BSV TIMES — Film / Media Coverage
Bitcoin Still Has No Major New Breakthrough — But the Film Remains One of the Most Unusual Projects in the Market
Doug Liman’s feature film Bitcoin, formerly Killing Satoshi, remains active in the trade press, but the core story has not materially changed in the latest visible coverage. The strongest recent updates still come from the mid-April run: the title’s market-facing shift to Bitcoin, the expanded cast, the Cannes market push, and the film’s growing profile as an AI-driven Hollywood experiment.
The biggest trade update remains Deadline’s April 14 report, which said Gal Gadot and Isla Fisher had joined Casey Affleck and Pete Davidson in the thriller as the project headed to the Cannes market. Deadline also framed the film around a man trying to prove he created Bitcoin, with Affleck cast as Craig Wright.
Then came the more striking production report. TheWrap’s April 15 exclusive described the film as a roughly $70 million feature that had already wrapped principal photography in London, using an AI-heavy production workflow built around a gray-screen soundstage rather than traditional location shooting. TheWrap also said the film was being prepared for buyers at Cannes and was still seeking distribution at that stage.
From there, the film began to evolve from a casting story into an industry debate. TheWrap’s April 20 analysis said the project had triggered anxiety across Hollywood about what AI-driven filmmaking could mean for crews and below-the-line jobs. By April 23, Variety was referencing “Killing Satoshi” in the wider debate over certifying films as human-made rather than AI-made, showing that the project had become part of a much larger cultural and industry argument.
At the same time, the film still appears to be alive commercially. Screen Daily’s Cannes 2026 market roundup continued to list Bitcoin among the notable market projects, which suggests the sales push remains in motion even without a new splashy headline this week.
So the clean editorial read for BSV TIMES is this: Bitcoin is still very much in play, but the story has shifted from “new announcement” to “what kind of film is this becoming?” The current coverage is less about fresh casting or release news and more about the project’s identity — part Bitcoin thriller, part Cannes-market title, and part test case for AI-intensive filmmaking in Hollywood.

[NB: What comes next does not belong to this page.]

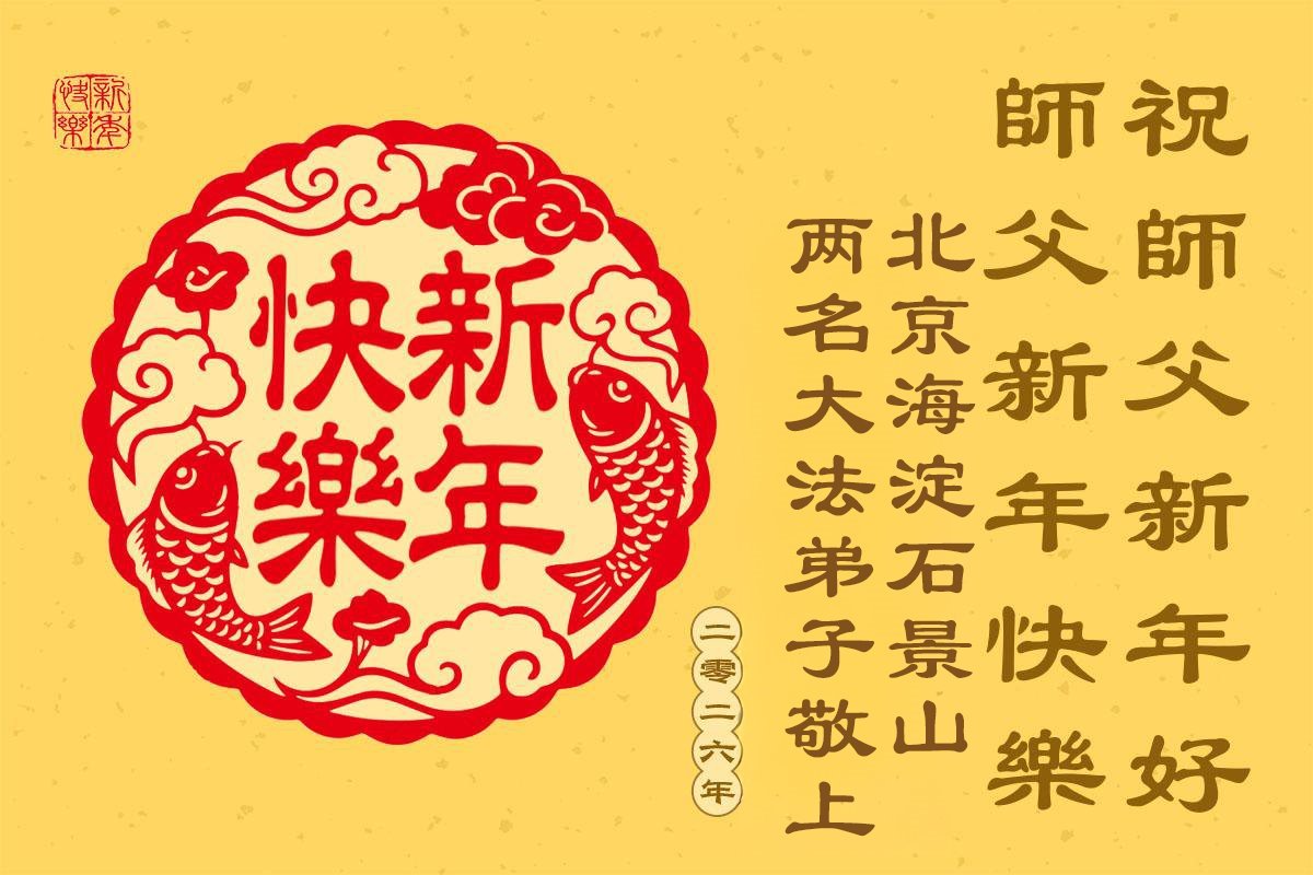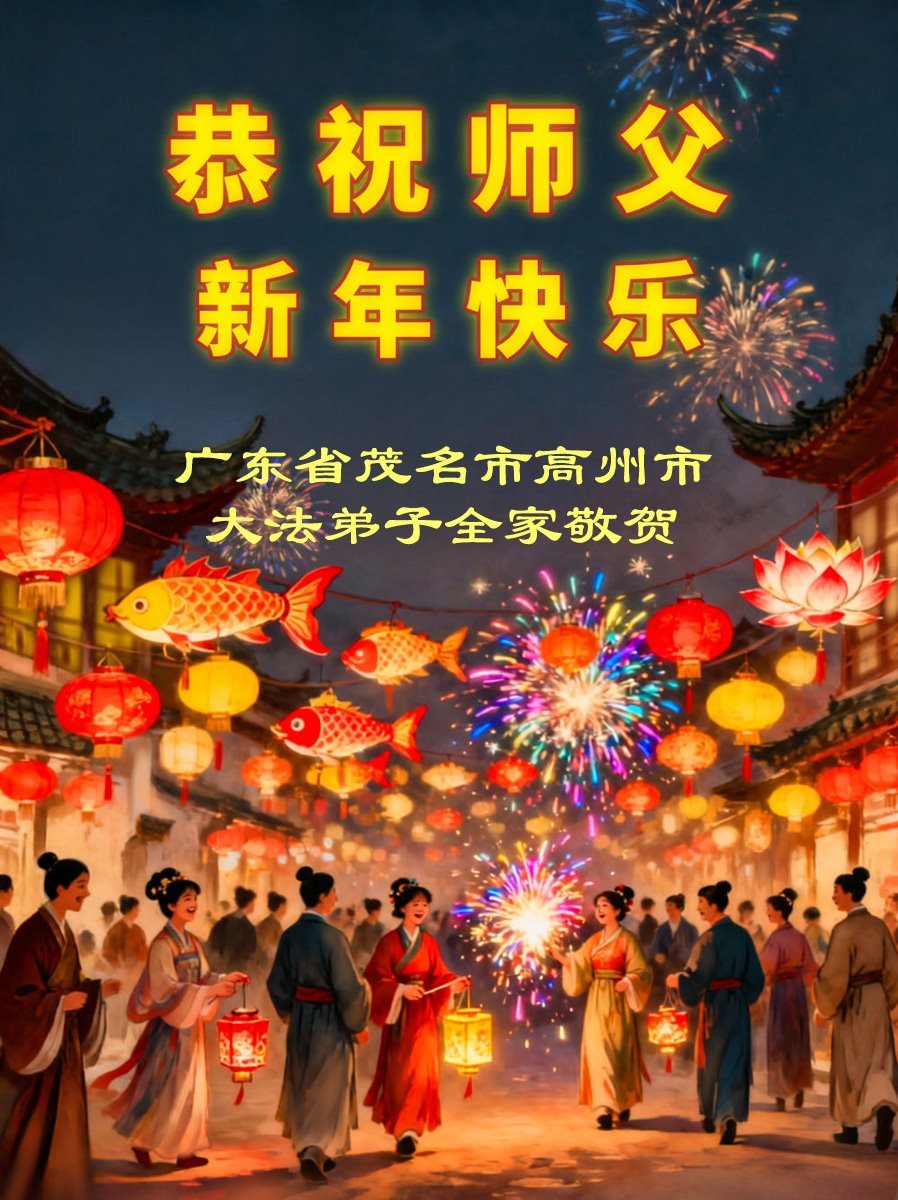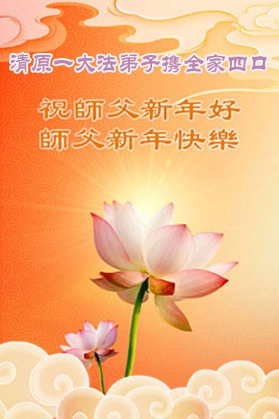 师尊您几十年传法至今,始终肩负着宇宙正法的艰难,承载着各界众生的困苦、压力和巨大的业力,在这末后救人的重大时刻,您为人类操尽了心!我们想念着您!我们就做好自己应该做的三件事,请师尊放心!在此恭祝师尊新年快乐!

What is still missing is just as important. In the reporting I reviewed, I did not find a newly announced trailer, distributor deal, release date, or premiere slot. That does not mean those will not come soon. It simply means that, for now, the film’s public profile is being carried by its cast, its concept, its Cannes positioning, and its AI-production controversy rather than by a conventional next-stage rollout.
BSV TIMES takeaway:
Bitcoin is still one of the more intriguing screen projects linked to the Satoshi narrative, but its latest chapter is not a release breakthrough. It is a market-and-method story — a film waiting for its next real milestone.